"Yo veía Venecia y el Adriático, los veía en ruinas sobre esta figura arruinada. Me paseaba por esa ciudad tan querida por sus habitantes."
(Fragmento)
No pensó más en la bebida, rechazó con un gesto el vaso de vino que le tendió en ese momento el viejo Octavín, luego bajó la cabeza. Esos detalles no eran los más apropiados para extinguir mi curiosidad. Durante la contradanza que tocaron los tres instrumentos, yo contemplaba al viejo noble veneciano con los sentimientos que devoran a un hombre de veinte años. Yo veía Venecia y el Adriático, los veía en ruinas sobre esta figura arruinada. Me paseaba por esa ciudad tan querida por sus habitantes, iba del Rialto al Gran Canal, del muelle de los Esclavos al Lido, regresaba a su catedral, tan originalmente sublime; miraba las ventanas de la Casa Doro, cada una de las cuales posee ornamentos diferentes; contemplaba esos viejos palacios tan ricos en mármol, en fin todas esas maravillas con las cuales el sabio simpatiza tanto más cuanto que los colorea a su gusto, y no despoetiza sus sueños por el espectáculo de la realidad. Yo remontaba el curso de la vida de ese retoño del más grande de los condottieri, buscando en él las huellas de sus desgracias y las causas de esta profunda degradación física y moral, que hacía más bellas todavía las chispas de grandeza y de nobleza reanimadas en ese momento. Nuestros pensamientos eran sin duda comunes, pues creo que la ceguera hace las comunicaciones intelectuales mucho más rápidas prohibiendo a la atención diluirse sobre los objetos exteriores. La prueba de nuestra simpatía no se hizo esperar. Facino Cane dejó de tocar, se levantó, vino hacia mí y me dijo un: -¡Salgamos! -que produjo sobre mí el efecto de una ducha eléctrica. Le di el brazo, y nos marchamos.
Cuando estuvimos en la calle, me dijo: - ¿Quiere usted llevarme a Venecia, conducirme a ella, quiere usted tener fe en mí? Lo haré más rico que lo que son las diez casas más ricas de Amsterdam o de Londres, más rico que los Rothschild, en fin, rico como las Mil y una Noches.
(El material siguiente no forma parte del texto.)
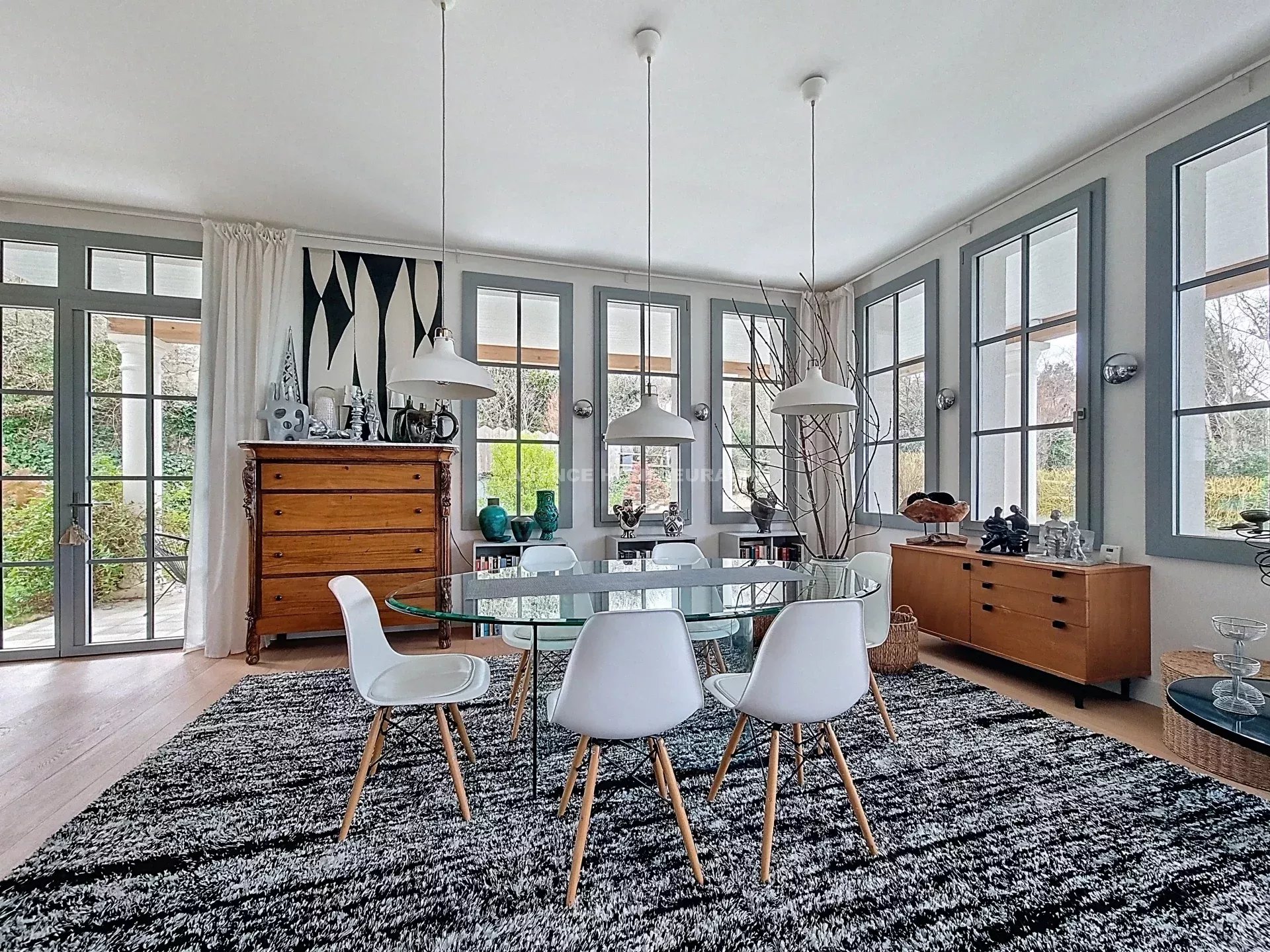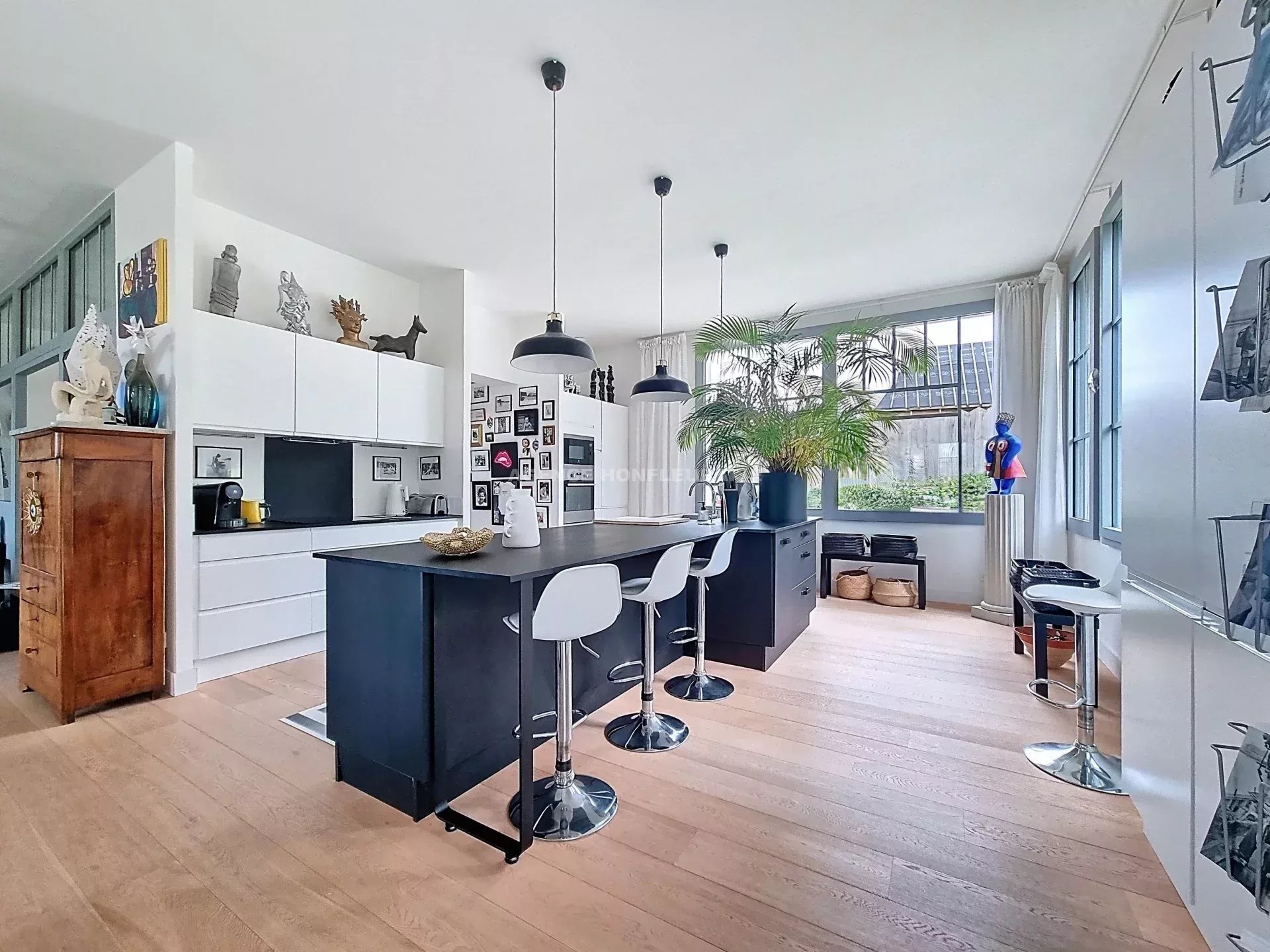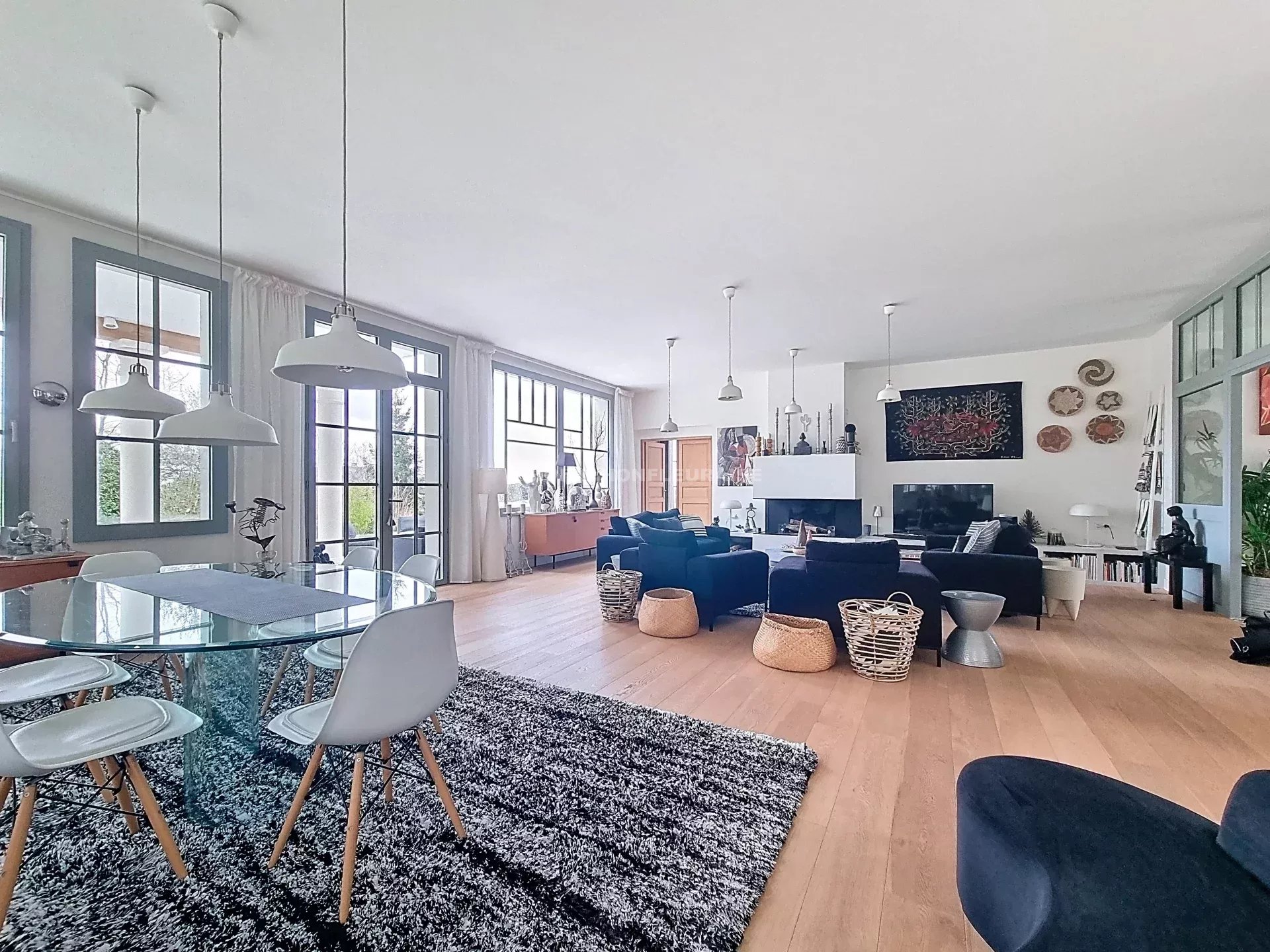 Vaste entrée, très grande pièce (98 m²) baignée de lumière avec hauteur sous-plafond de 3 m comprenant cuisine ouverte, salle à manger, salon avec cheminée ;

Pensé que el hombre estaba loco; pero había en su voz un poder al cual obedecí. Me dejé conducir y me llevó hacia los fosos de la Bastilla como si hubiera tenido ojos. Se sentó sobre una piedra en un lugar muy solitario donde después fue construido el puente por el cual el canal San Martín se comunica con el Sena. Me puse sobre otra piedra delante de ese anciano cuyos cabellos blancos brillaron como hilos de plata a la claridad de la luna. El silencio que perturbaba apenas el ruido tempestuoso de los bulevares que llegaba hasta nosotros, la pureza de la noche, todo contribuía a hacer esta escena verdaderamente fantástica.
- ¡Usted habla de millones a un joven, y cree que él dudaría en arrostrar mil males para conseguirlos! ¿No se está burlando de mí?
- Que muera sin confesión, me dijo con violencia, si lo que voy a decirle no es verdad. Yo he tenido veinte años como usted los tiene en este momento, yo era rico, era bello, era noble, yo he comenzado por la primera de las locuras, por el amor. He amado como ya nadie ama, hasta llegar a introducirme en un baúl a riesgo de ser apuñalado dentro sin haber recibido otra cosa que la promesa de un beso. Morir por ella me parecía toda una vida. En 1760 me enamoré de una Vendramini, una mujer de diez y ocho años, casada con un Sagredo, uno de los más ricos senadores, un hombre de treinta años, loco por su mujer. Mi amante y yo éramos inocentes como dos querubines, cuando el esposo nos sorprendió hablando de amor; yo estaba sin armas, me insultó, salté sobre él, lo estrangulé con mis dos manos torciéndole el cuello como a un pollo. Quise partir con Bianca, ella no quiso seguirme. ¡Así son las mujeres! Me marché solo, fui condenado, mis bienes fueron secuestrados en provecho de mis herederos; pero había llevado mis diamantes, cinco cuadros de Tiziano enrollados, y todo mi oro. Me marché a Milán, donde no me molestaron: mi caso no interesaba al Estado.
Honoré de Balzac (Francia, 1799-1850).